Is $(x_1x_2+x_3x_4, 2x_1x_2+x_5x_6)$ a prime ideal?

Question

I'm studying for my Qualifying exam and I found the following question in an old question bank.

Let $\mathbb{K}$ be an algebraically closed field (char $\mathbb{K}\not=2$). Is $\mathbb{K}[x_1,x_2,x_3,x_4,x_5,x_6]/(x_1x_2+x_3x_4, 2x_1x_2+x_5x_6)$ an integral domain?

I have proven that each of the generators of the ideal is irreducible, and hence prime and I thought ideal generated by prime elements will be a prime ideal, but it turns out that's not true. TBH, I don't really know any tricks to prove an ideal is a prime ideal, other than the definition and the integral domain condition.

Answer 1

Using the change of variables proposed by Minglingmaster, for example, you are reduced to prove that $R=K[y_1,y_2,y_4,y_6][y_3,y_5]/(y_3^2-p,y_5^2-q)$ is an integral domain, where $p,q\in K[y_1,y_2,y_4,y_6]$ are such that $p,q,p/q$ are not squares in $L=K(y_1,y_2,y_4,y_6)$.

It is then well-known (and a good exercise) to show that $1,\sqrt{p},\sqrt{q},\sqrt{pq}$ are $L$-linearly independent.

That being said, consider the ring morphism $f:K[y_1,y_2,y_4,y_6][y_3,y_5]\to L(\sqrt{p},\sqrt{q})$ , sending $P$ to $P(y_1,y_2,\sqrt{p},y_4,\sqrt{q},y_6)$.

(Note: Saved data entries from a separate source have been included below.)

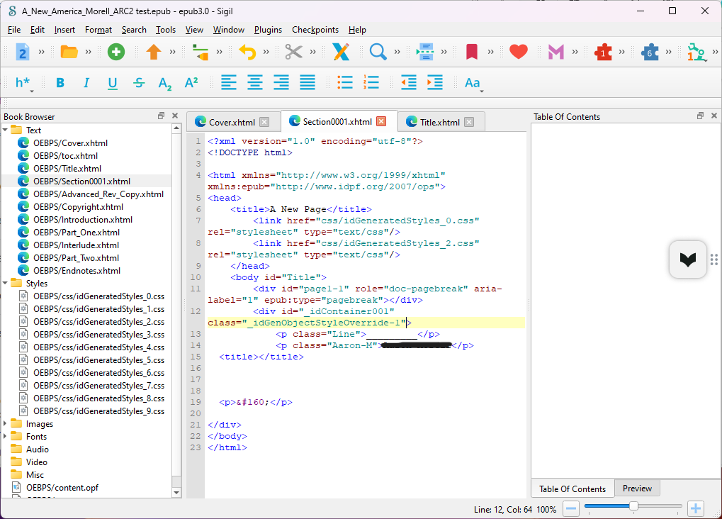 So I am not sure what you mean by "it caused a the table of contents to appear on ebook pages". All I see is a Table ofContents Window in the right hand side Dock position. If you click on the tab that says "Preview" in the lower right side of the screen, you can make the Preview Window appear, and hide the Table Of Contents. Last edited by KevinH; 08-24-2024 at 11:49 PM. |
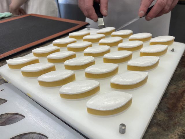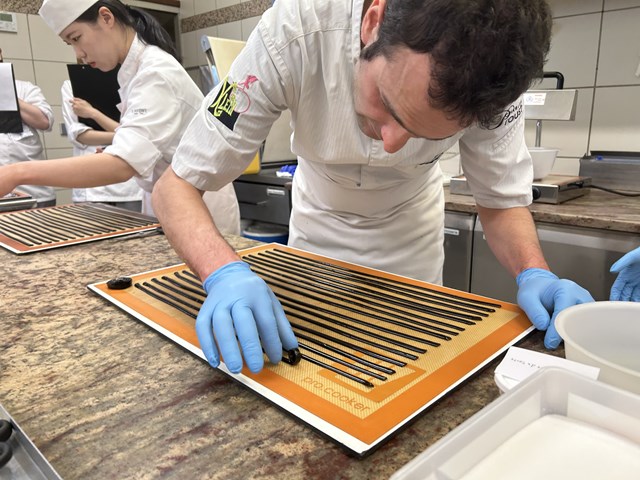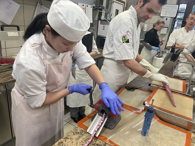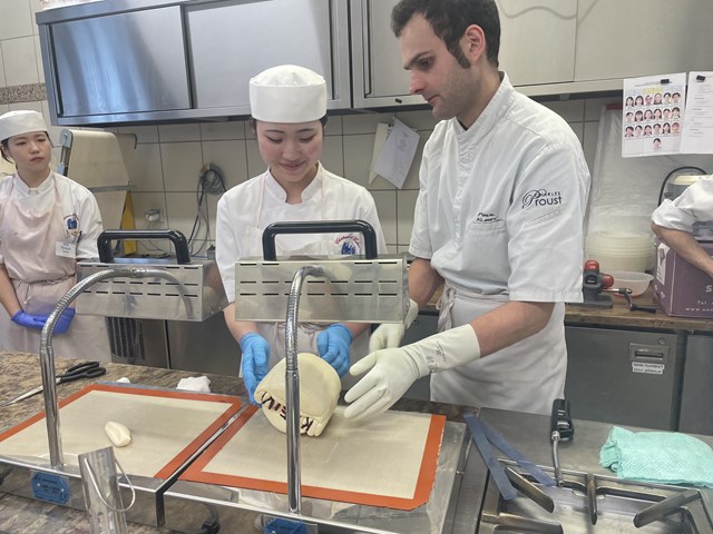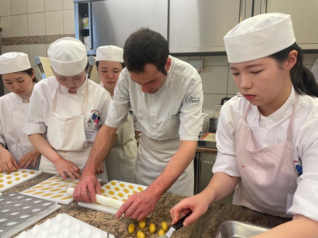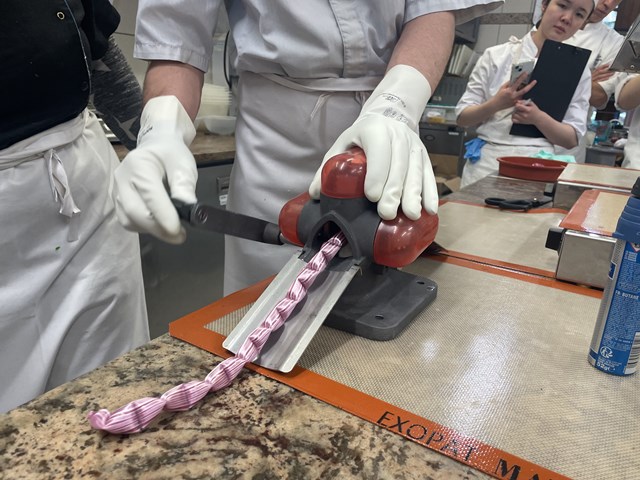 「最近飴細工が終わったこのタイミングで、飴細工で有名なポール・クラインさんの講習を受けました。食べる飴のボンボンを作るのは初めて見ました。クラインさんの隣で作業を見ることが出来てとても嬉しかったです!初めて見る技術や器具を使わせていただき本当にいい経験になりました、特にCalisson d'Aixの作業をする時にTrès bien!と褒めていただいて嬉しかったです。」
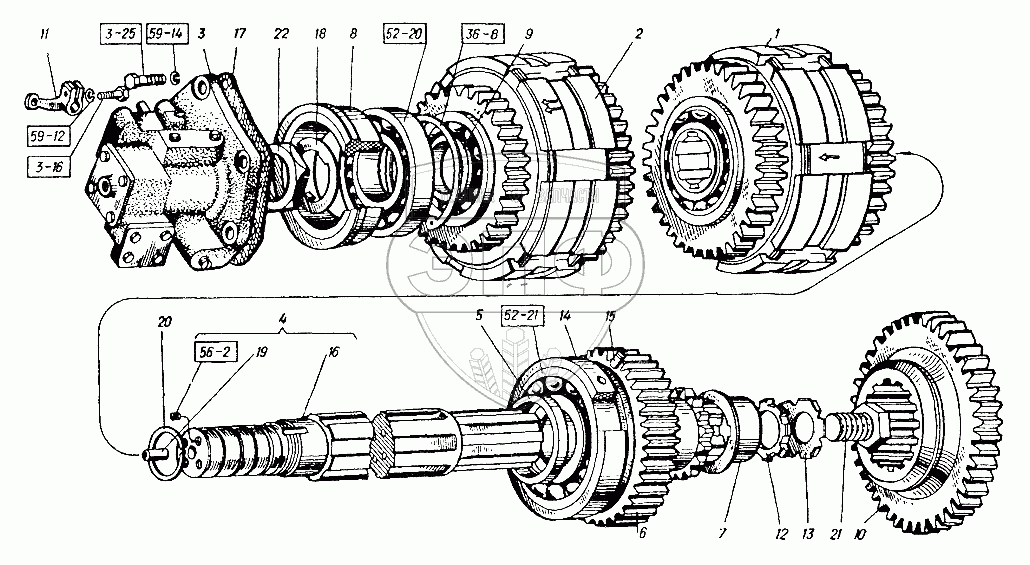 Каталог запасных частей к технике: ХТЗ Т-151К-08. Коробка передач

I claim that the kernel is $I=(y_3^2-p,y_5^2-q)$. Clearly, $I$ is contained in $\ker(f)$. Now let $P\in \ker(f)$. Dividing by $y_3^2-p$, then by $y_5^2-q$, one may write $P=Q_0+Q_1y_3+Q_2y_5+Q_3y_3y_5+S$, where $Q_0,Q_1,Q_2,Q_3\in K[y_1,y_2,y_4,y_6]$ and $S\in I$.

Applying $f$, we get $Q_0+Q_1\sqrt{p}+Q_2\sqrt{q}+Q_3\sqrt{pq}=0\in L(\sqrt{p},\sqrt{q})$. By the linear independence mentioned above, $Q_0=Q_1=Q_2=Q_3=0$, meaning that $P=S\in I$.

This, $\ker(f)=I$, and $f$ induces an injective ring morphism $R\to L(\sqrt{p},\sqrt{q})$. Hence $R$ is isomorphic to a subring of a field. In particular, $R$ is an integral domain.